With the European Union proposing new rules for artificial intelligence and machinery, regulation finds itself once again in the news cycle. The willingness of some sectors to self-regulate can be a positive force in the implementation of good practices, which saves government money, time, energy, and results in rules established on greater industry insight. However, regulatory models must meet the needs of markets and their individual risks. Self-regulation can be effective, but within specific limits. As we will see, what works in one domain might be entirely inappropriate for another.
Healthy rules and norms are extremely important within all sectors. Allowing market pressure alone to govern an industry can have major negative outcomes, from damaging the health or well-being of the public, to creating onerous financial or environmental circumstances.
At the same time, government regulation is costly to create, implement, and oversee, and according to Information and Innovation Foundation, it puts a drain on ingenuity:
Government regulation by its nature addresses identified harms, and as such can inadvertently create barriers to innovation or competitive entry when it establishes norms that only address current market participants and practices.
Such expenses bleed into compliance as companies are encumbered by regulatory hurdles, further limiting innovation. These issues reach the end customer invariably the public in the form of higher prices for products and services. Government rule-setting can also be a source of adversarial chemistry between industry and regulator, which can generate undesirable gaps between rules in writing and rules in practice.
One alternative is self-regulation, whereby entities within the industry come together to agree on appropriate and proportionate rules to protect the general public without being overly detrimental to industry-specific interests.

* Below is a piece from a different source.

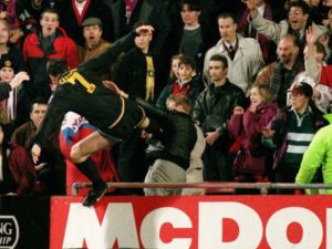 Ma se si pensa a Cantona, la testa vola subito a Selhust Park, stadio del Crystal Palace, e al match di campionato del 25 gennaio 1995: Cantona pressato duro da Shaw, Cantona che commette fallo su Shaw, arbitro che espelle Cantona e…calcio volante da kung fu verso un tifoso del Palace con pugno annesso. Nove mesi di squalifica, multa milionaria da parte del club al giocatore, 120 di servizio sociale da svolgere e titolo che sfuma in favore del Blackburn Rovers. A distanza di anni, il video del calcio, sebbene deprecabile, è cliccatissimo.

Self-regulation has many strengths
Self-regulation comes from the industry and is, as such, founded on a higher degree of sectoral expertise. By design, the industry is onboard with the process. This reduces friction, conflict, and alleviates the government burden of establishing and maintaining standards. As a result, self-regulation is relatively cost-effective.
Proponents of self-regulation point to markets where it has been demonstrably successful. Take, for example, online behavioural advertisement (OBA), where companies use data to predict user preferences or interests in order to deliver targeted advertising online.

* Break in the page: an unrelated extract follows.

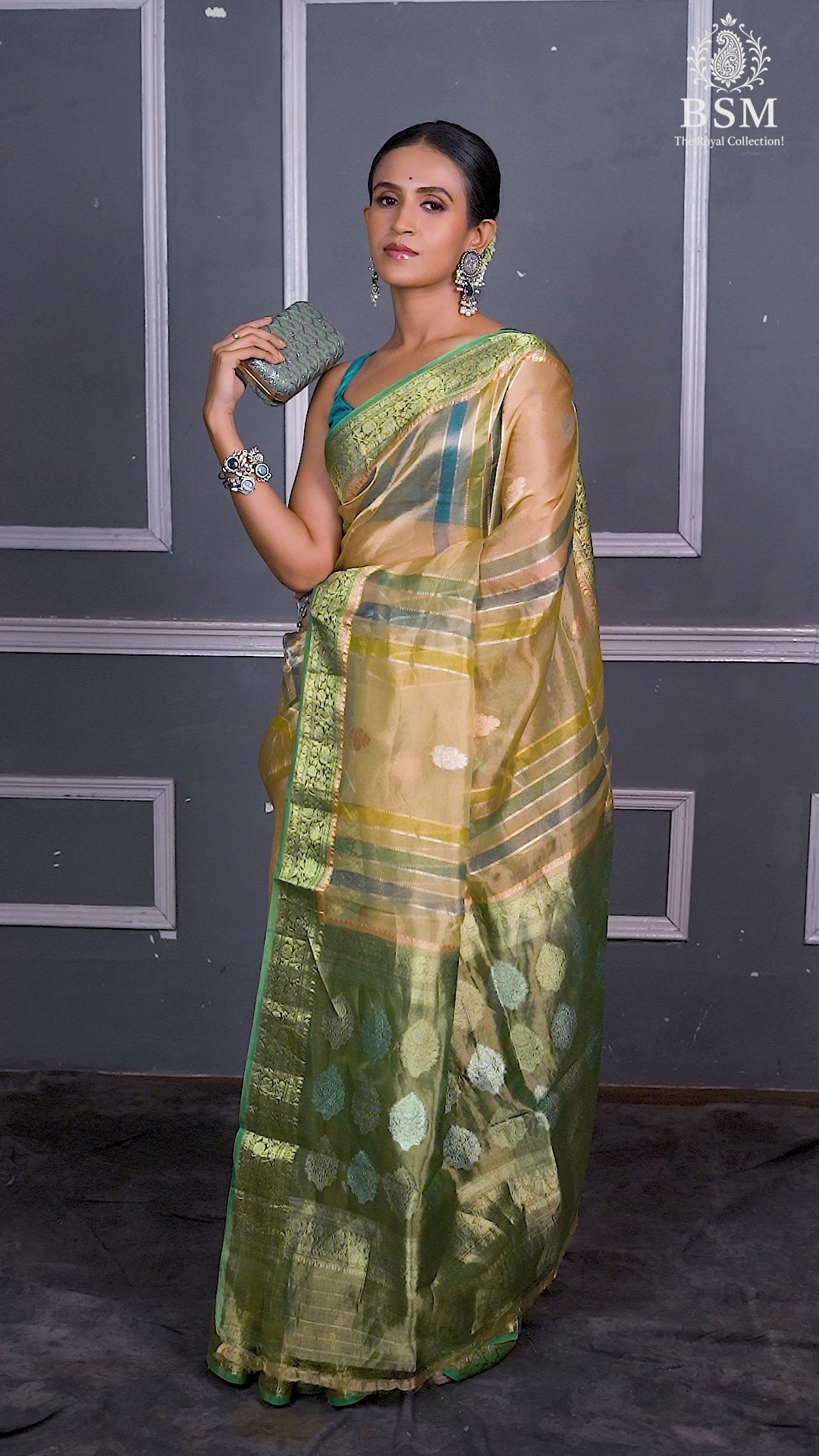 A stunning pure Tissue silk saree with a Pastel colour. The saree features a beautiful antique zari booti with a pallu and a flowery zari border. This airy saree is a stunning blend of rich tradition and colorful craftsmanship. It drapes exquisitely, gracefully and poisedly enhancing every silhouette.

OBA in the United States is an industry that self-regulates. It is a young market, so rules and controls have had to be developed as the industry grew. In 2007, the Financial Trade Commission (FTC) released a report laying out a set of principles that would be effective as industry working practices. The Digital Advertising Alliance (DAA) then developed and released its owns set of principles in 2009, based on the FTC report. In 2010, the DAA codified this into a self-regulatory program.
Many people are satisfied with how this process developed and do not feel the need to create strict government regulation thanks to the efficient public-private collaboration of the two organisations.

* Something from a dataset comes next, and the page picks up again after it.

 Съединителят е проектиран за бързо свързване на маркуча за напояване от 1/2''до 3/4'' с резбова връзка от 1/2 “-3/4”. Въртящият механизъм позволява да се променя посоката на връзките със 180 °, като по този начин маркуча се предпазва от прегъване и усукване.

Limitations of self-regulation
On the other hand, there are those who believe more in the primacy of privacy who are not content to have rules governed by the industry however effective they may appear. The above case highlights the trade-offs that must be considered for effective regulatory decision-making.
In Europe, sentiments are far more strongly privacy centric, resulting in the development of the General Data Protection Regulation, a strict and expansive rule book for data. It is generally understood and accepted that this will have a stifling effect on company and industry growth.
True self-regulation has its limits.
The strength of rules must sometimes be watered down before receiving approval from a consensus of industry players. Equally, oversight might lack the teeth for effective control, or be more performative than effectual. If self-regulatory bodies are too close to the industry, there are also risks of regulatory capture, through which the system becomes unfit for purpose.